3. Intangible assets

Development costs Total
£ £
Cost
At 01 April 2024 1,725,460 1,725,460
Additions 761,685 761,685
At 31 March 2025 2,487,145 2,487,145
Accumulated amortisation
At 01 April 2024 764,914 764,914
Charge for the financial year 234,622 234,622
At 31 March 2025 999,536 999,536
Net book value
At 31 March 2025 1,487,609 1,487,609
At 31 March 2024 960,546 960,546

4. Debtors

2025 2024
£ £
Trade debtors 207,936 158,279
Other debtors 2,284 903
210,220 159,182

5. Creditors: amounts falling due within one year

2025 2024
£ £
Bank overdrafts 15,297 16,850
Trade creditors 55,357 65,175
Amounts owed to Group undertakings 21,224 42,855
Taxation and social security 16,128 15,162
Other creditors 55,592 42,654
163,598 182,696

6. Creditors: amounts falling due after more than one year

2025 2024
£ £
Bank loans 19,618 31,392

There are no amounts included above in respect of which any security has been given by the small entity.
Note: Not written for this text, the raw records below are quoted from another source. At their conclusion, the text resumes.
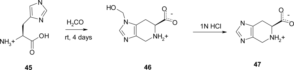 l-Spi has been also synthesized under different experimental conditions which gave, as an intermediate, its Nπ-hydroxymethyl derivative Spi(π-MeOH) [] 46. In this case, the starting l-His in 0.1 M sodium phosphate buffer (pH 7.0) was reacted with a 30-fold molar excess of formaldehyde at room temperature for 4 days; the precipitate was collected by filtration, washed with cold water and dried. The product, separated from the reaction medium as crystal suitable for X-ray diffraction, was obtained in 93% yield (Scheme 10). The obtained Spi(π-MeOH) 46 was dissolved in 1 M HCl and the solution concentrated at reduced pressure. The residue 45 was dissolved in water and the pH adjusted to 3.5. Absolute ethanol was added, obtaining crystals which were collected by filtration, washed with ethanol and dried (95% yield).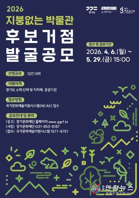 전국연합뉴스 조민준 기자 | 경기도와 경기문화재단은 대표적인 경기도 지역문화 브랜드인 ‘지붕없는 박물관’ 사업의 지속 가능한 운영 기반을 마련하고, 지역의 잠재적 문화 자산의 발굴과 활용을 위해 ‘2026년 지붕없는 박물관 후보거점 발굴 공모’를 추진한다.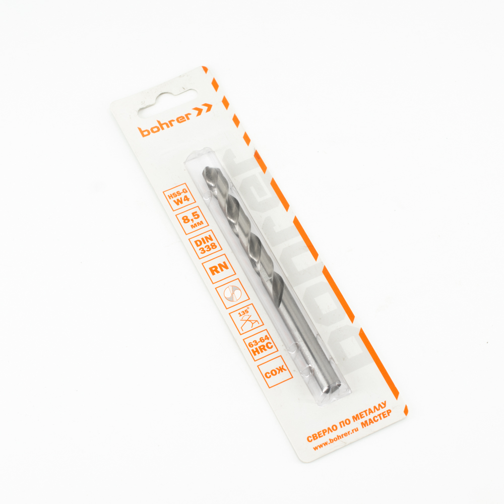 Сверло по металлу Bohrer серия Мастер 8,5 мм (HSS-G) DIN 338 RN (1 шт в блистере)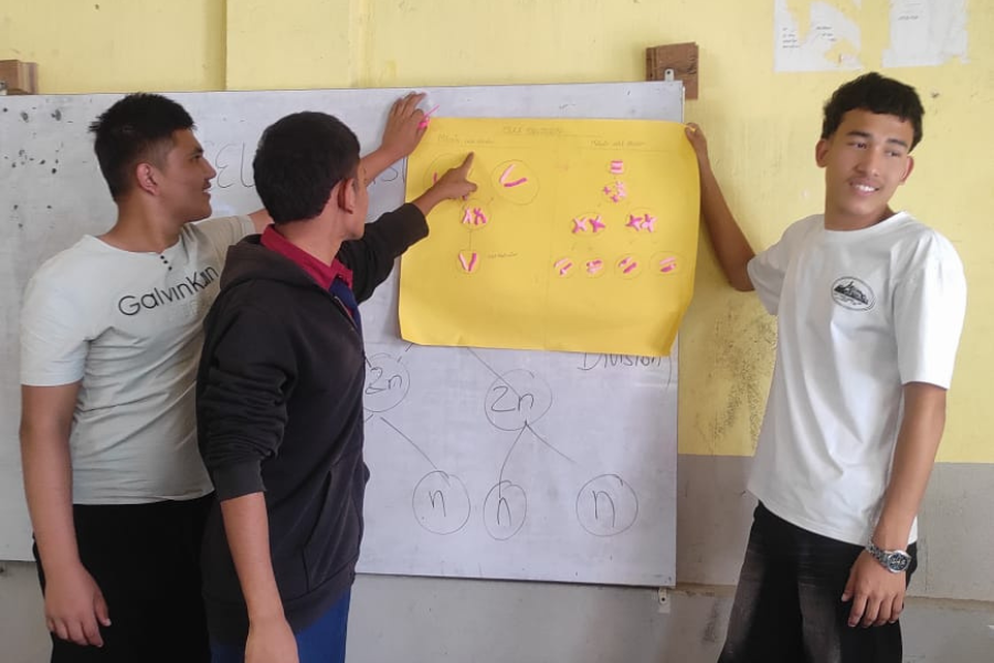 त्यही विद्यालयका केही विद्यार्थी भने माटो प्रयोग गरेर चार्ट पेपरमा कोष विभाजनको प्रक्रिया बनाइरहेका थिए। उक्त कक्षामा निर्देशिकाका रूपमा संलग्न शिक्षक स्वस्तिका सापकोटा भन्छिन्, “विद्यार्थीहरूमा व्यवहारिक ज्ञान थिएन र अस्पष्ट थिए। यस्तो अभ्यासबाट उनीहरूलाई विषयप्रति स्पष्टता प्राप्त भएको छ।”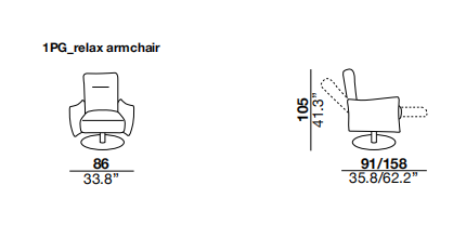 of siliconised polyester microfibers. The armchair is equipped with a Relax mechanism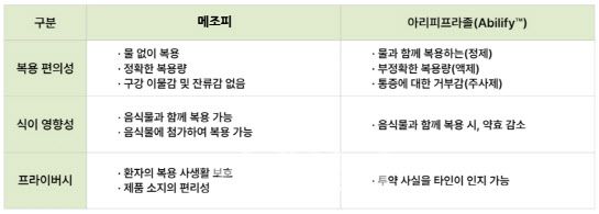 메조피와 다른 아리피프라졸 의약품 비교 (자료=차바이오그룹) |

7. Called-up share capital

2025 2024
£ £
Allotted, called-up and fully-paid
2,000,000 Ordinary shares of £ 1.00 each (2024: 1,400,000 shares of £ 1.00 each) 2,000,000 1,400,000

During the year an additional 600,000 shares were issued at a value of £1.00 each.

8. Related party transactions

At the year-end, the company was owed £22,224 (2024 - £42,855) to Daiichi Display, a company under common control, in respect of an interest free loan which is repayable on demand.